Problem description: Only one portion of the data is to be written out: from the line bearing "The Bounder 35K" through the line bearing "Fabricante directo de". Write it exactly as it appears.

╭─ Entries shown

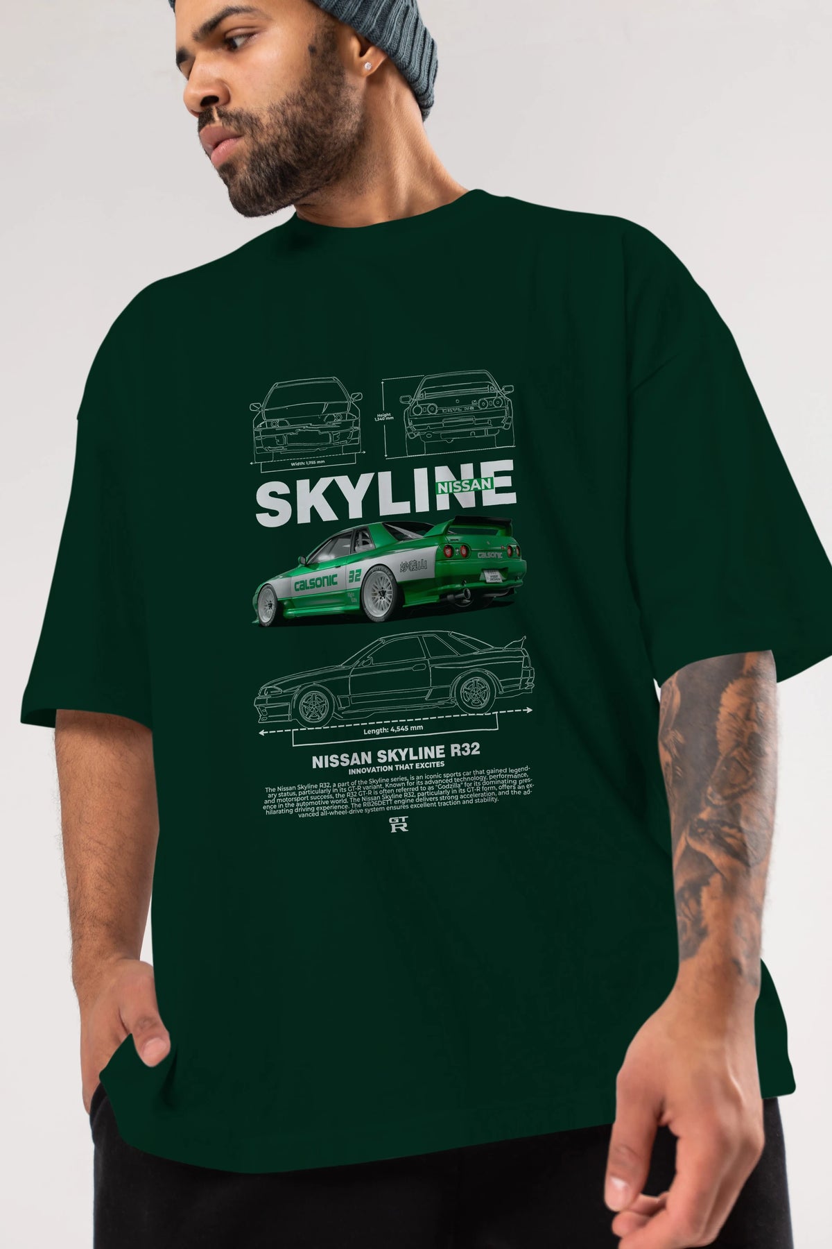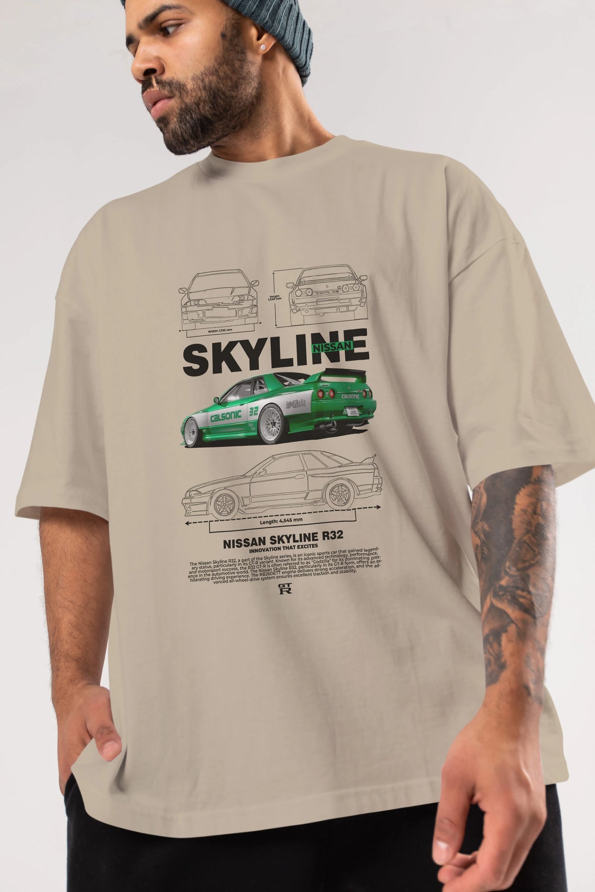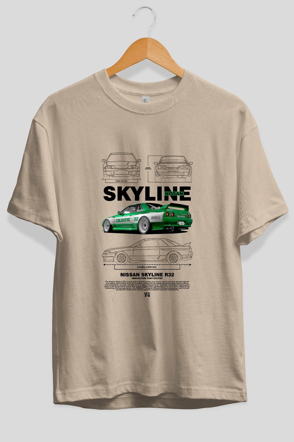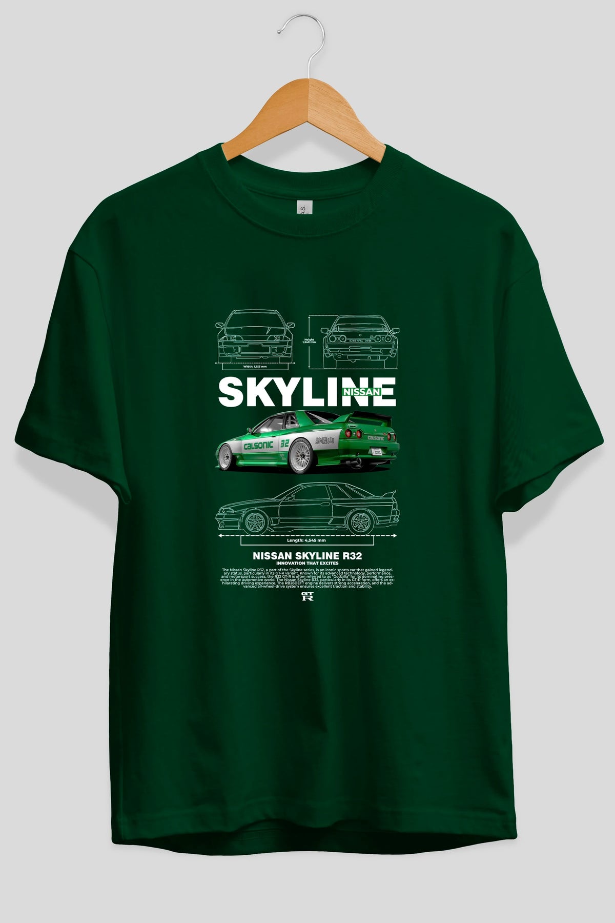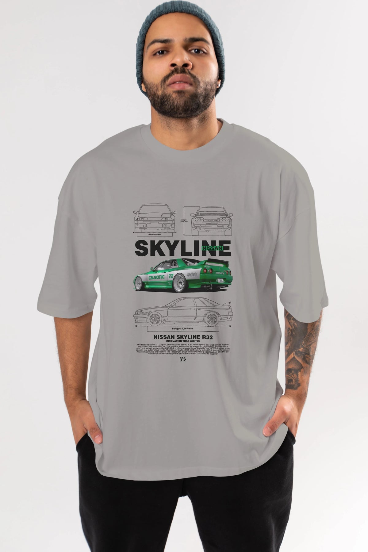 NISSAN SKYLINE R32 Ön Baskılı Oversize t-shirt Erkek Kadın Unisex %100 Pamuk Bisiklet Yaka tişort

╰─
╭─ Entries shown

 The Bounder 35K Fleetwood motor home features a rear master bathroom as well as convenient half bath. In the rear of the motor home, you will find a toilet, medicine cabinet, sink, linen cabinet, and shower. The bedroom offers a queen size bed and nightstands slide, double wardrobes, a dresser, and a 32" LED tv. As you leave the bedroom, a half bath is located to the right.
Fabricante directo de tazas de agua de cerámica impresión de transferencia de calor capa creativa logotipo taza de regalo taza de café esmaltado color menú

╰─

Problem solution:
 The Bounder 35K Fleetwood motor home features a rear master bathroom as well as convenient half bath. In the rear of the motor home, you will find a toilet, medicine cabinet, sink, linen cabinet, and shower. The bedroom offers a queen size bed and nightstands slide, double wardrobes, a dresser, and a 32" LED tv. As you leave the bedroom, a half bath is located to the right.
Fabricante directo de tazas de agua de cerámica impresión de transferencia de calor capa creativa logotipo taza de regalo taza de café esmaltado color menú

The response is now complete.